Afin d’être plus exact, le titre de ce film aurait dû inverser l’apposition finale : dans le château où se déroule la majeure partie de l’action, ce sont des vivants-morts qui occupent l’esprit et l’espace de l’esthète Comte Drago (interprété par un Christopher Lee au regard on ne peut plus cerné). Pour le maître des lieux, en effet, laisser la beauté se flétrir est inacceptable et il a trouvé le moyen d’y remédier. Une solution qui place Drago dans la droite lignée de L’homme au masque de cire (André De Toth, 1953) ou du simplet d’Un baquet de sang (Roger Corman, 1959) ou de Norman Bates dans Psychose (Alfred Hitchcock, 1960)… Pour ceux qui souhaiteraient approfondir ce thème. Liste non exhaustive, cela va de soi. Mais l’embaumement n’est finalement pas l’élément le plus saillant du film.

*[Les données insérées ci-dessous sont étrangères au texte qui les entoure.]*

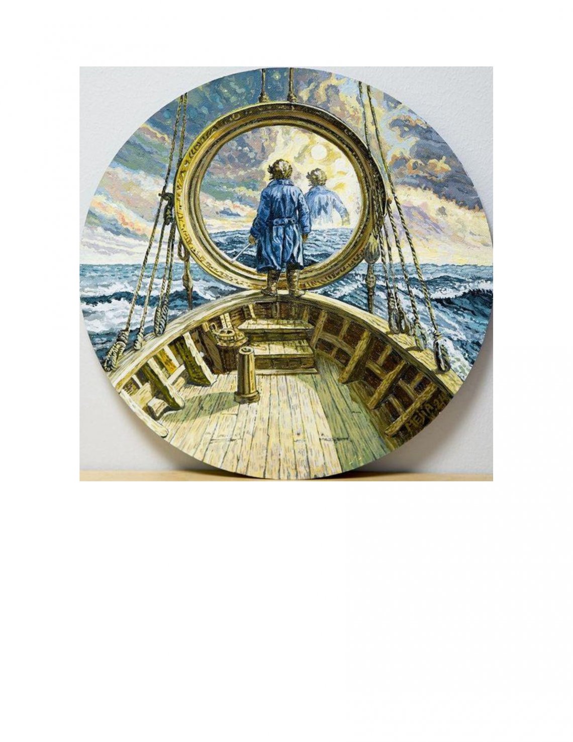 En esta obra se busca la contemplación de lo inefable, donde la figura humana se enfrenta no solo al entorno, sino también a sí misma. Pienso en ese hombre en la proa de un barco encarando su reflejo de espaldas, mientras se prepara para enfrentar la vastedad del mar: un símbolo claro de la introspección y la fragilidad humana ante el infinito. Esa imagen, cargada de un simbolismo casi existencialista, transforma el horizonte en un umbral hacia lo desconocido, donde el tiempo, la memoria y la eternidad convergen como uno solo.

Des saltimbanques ont mis au point un numéro de pendaison bien rigolo et c’est ce qui leur vaut une invitation au fameux château du Comte Drago. En chemin une « petite » vieille interprétée par le grand Donald Sutherland –dont c’est le premier rôle d’importance, un rôle double d’ailleurs puisqu’il joue aussi un carabinier hilare et complaisant-, cette « petite » vieille, donc, les averti qu’ils vont en baver, mais qu’elle sera là en cas de besoin. Seul le nain de la troupe y prête attention. Ensuite, d’aventures en romances (Philippe Leroy et Gaïa Germani sont appelés à se peloter dans les coins avant la fin du film) en rebondissements, le récit va plaisamment son petit bonhomme de chemin.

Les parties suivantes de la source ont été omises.